Wendy Long, New York Senate Challenger, Says Soldiers Did Not Die For Contraceptive Rights

Senate Challenger Says Soldiers Don't Fight For Right To Contraception

A New York GOP candidate for the U.S. Senate has included in her stump speech the claim that America's fighting men and women are not risking their lives and dying to protect things like expanded access to health care or contraceptive coverage.

Wendy Long, who won last week's primary for the right to take on Sen. Kirsten Gillibrand in the fall, faces a huge gender gap. She is trailing the incumbent Democrat by more than 40 percentage points among New York's women voters.

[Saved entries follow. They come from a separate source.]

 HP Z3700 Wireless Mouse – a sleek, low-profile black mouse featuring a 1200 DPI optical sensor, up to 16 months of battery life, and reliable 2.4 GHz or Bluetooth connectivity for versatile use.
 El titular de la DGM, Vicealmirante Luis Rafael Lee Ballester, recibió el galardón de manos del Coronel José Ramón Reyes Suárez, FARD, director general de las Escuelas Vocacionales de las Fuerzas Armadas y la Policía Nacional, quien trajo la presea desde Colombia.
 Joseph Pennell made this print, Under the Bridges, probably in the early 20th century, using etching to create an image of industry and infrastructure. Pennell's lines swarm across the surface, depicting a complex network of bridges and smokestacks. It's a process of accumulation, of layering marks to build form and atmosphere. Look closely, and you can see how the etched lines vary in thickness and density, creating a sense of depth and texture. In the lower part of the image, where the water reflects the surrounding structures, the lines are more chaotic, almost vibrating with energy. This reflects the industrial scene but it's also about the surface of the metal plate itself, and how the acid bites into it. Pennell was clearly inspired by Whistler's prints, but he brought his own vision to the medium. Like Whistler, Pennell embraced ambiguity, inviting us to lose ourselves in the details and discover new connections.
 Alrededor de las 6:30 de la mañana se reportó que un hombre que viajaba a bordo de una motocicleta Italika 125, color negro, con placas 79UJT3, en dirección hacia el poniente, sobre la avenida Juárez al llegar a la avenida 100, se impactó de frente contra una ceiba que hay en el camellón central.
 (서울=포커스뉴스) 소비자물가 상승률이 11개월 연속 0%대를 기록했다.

It's not clear that linking Gillibrand's support of reproductive rights to the sacrifices of military members will help Long close that gap. But the conservative Long has woven that message into her stump speech, making the point in May and June in speeches flagged for The Huffington Post by New York Democrats, who think the remarks will hurt her. (Video excerpts are above.)

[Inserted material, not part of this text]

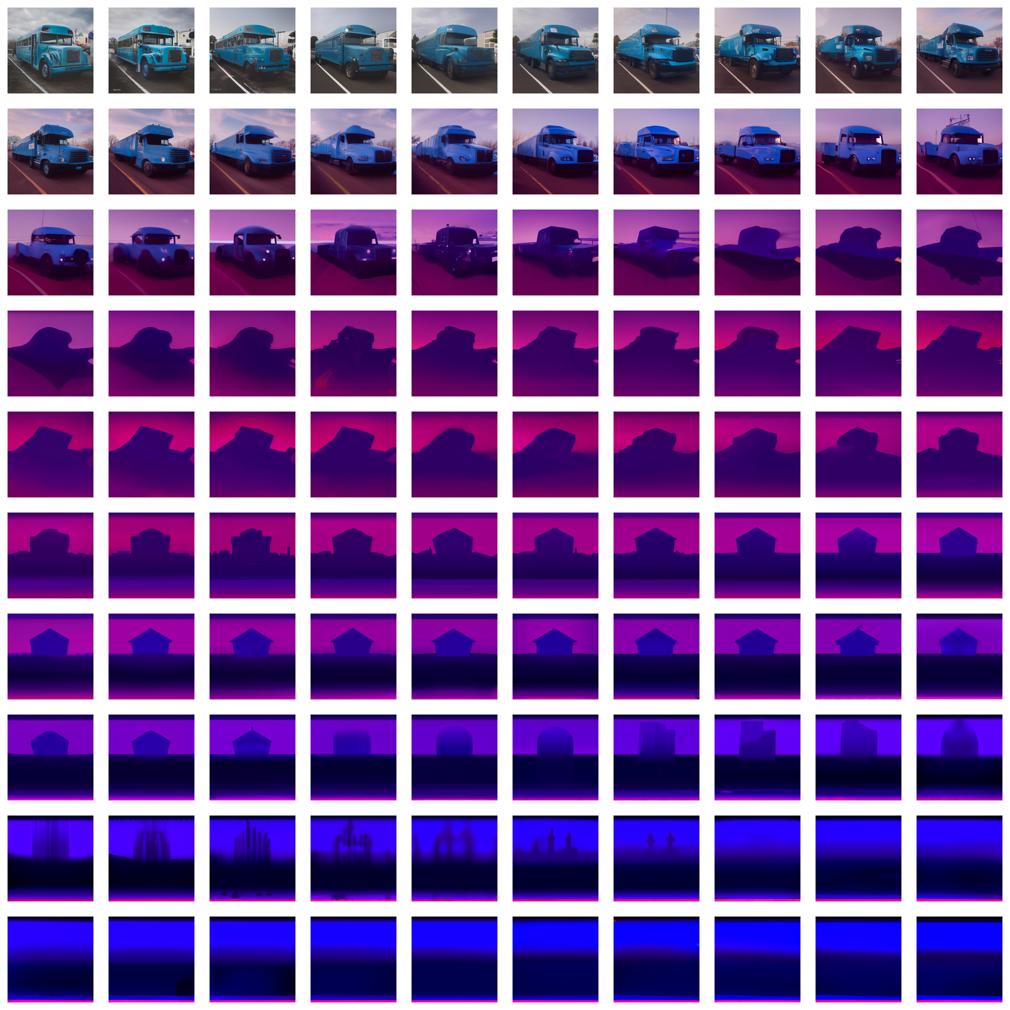 prompt: A blue school bus parked in a parking lot. A hundred iterations of feedback loop.

Praising America's warriors as defenders of the Constitution in one speech, Long goes on to say, "They didn't die for what Kirsten Gillibrand is saying -- for the right to force religious employers to pay for their employees' contraception."

"It wasn't so that Kirsten Gillibrand and Barack Obama could regulate us with Health and Human Services regulations mandating that religious employers pay for their employees' contraception," she says in another address. "That isn't why these guys died."